2. Calcium absorption promoting food composition or pharmaceutical In one aspect, the present invention relates to a calcium absorption promoting food composition or pharmaceutical comprising the calcium absorption promoting agent of the present invention. In another aspect, the present invention relates to a calcium absorption promoting food composition or pharmaceutical comprising the calcium absorption promoter of the present invention.

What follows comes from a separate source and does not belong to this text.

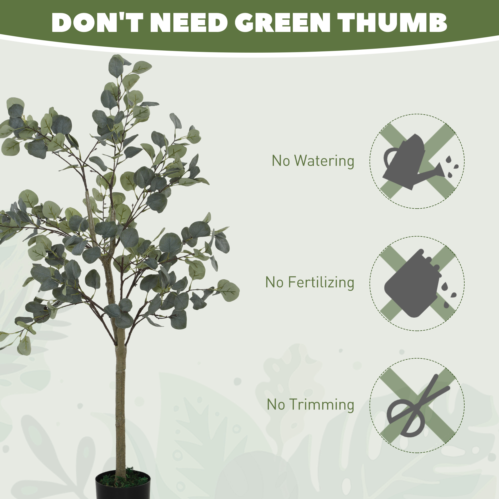 Transform your space with the HOMCOM Artificial Plants, featuring 230 lush silver dollar leaves for a stunningly realistic look. These faux plants for indoors boast silk leaves and lifelike trunks, complete with simulated moss, ensuring a fresh, verdant touch year-round, symbolizing healing, renewal and resilience. Enjoy the beauty of an indoor plant without any upkeep—no watering or sunlight needed!

  The food composition of the present invention (also simply referred to as “food”) can be prepared by conventional methods. For example, as the form of such food, not only the usual “food”, but also, for example, tablets (tablets) containing sugarcane, troches, sugar-coated tablets, granules, powdered drinks, powdered soups, etc. Block confectionery such as biscuits, capsules, jelly, etc., jam-like paste, chewing gum-like gum, tea-containing soft drinks, alcoholic beverages, etc. The food may be in the form of a food for specific health use (for example, a food for preventing osteoporosis). The food containing the calcium absorption promoter of the present invention can be blended with various other components that are usually used as food raw materials as long as the desired effects of the present invention are not impaired. Examples of other components include water, alcohols, sweeteners, acidulants, colorants, preservatives, fragrances, excipients, stabilizers, pH adjusters, sugars, various vitamins, minerals, antioxidants, Examples include solubilizers, binders, lubricants, suspending agents, wetting agents, film-forming substances, flavoring agents, flavoring agents, surfactants, and fluidity promoters. These components can be used alone or in combination. Similarly, the medicament of the present invention can be prepared by a conventional method, for example, according to the method described in 1 above for the calcium absorption promoter.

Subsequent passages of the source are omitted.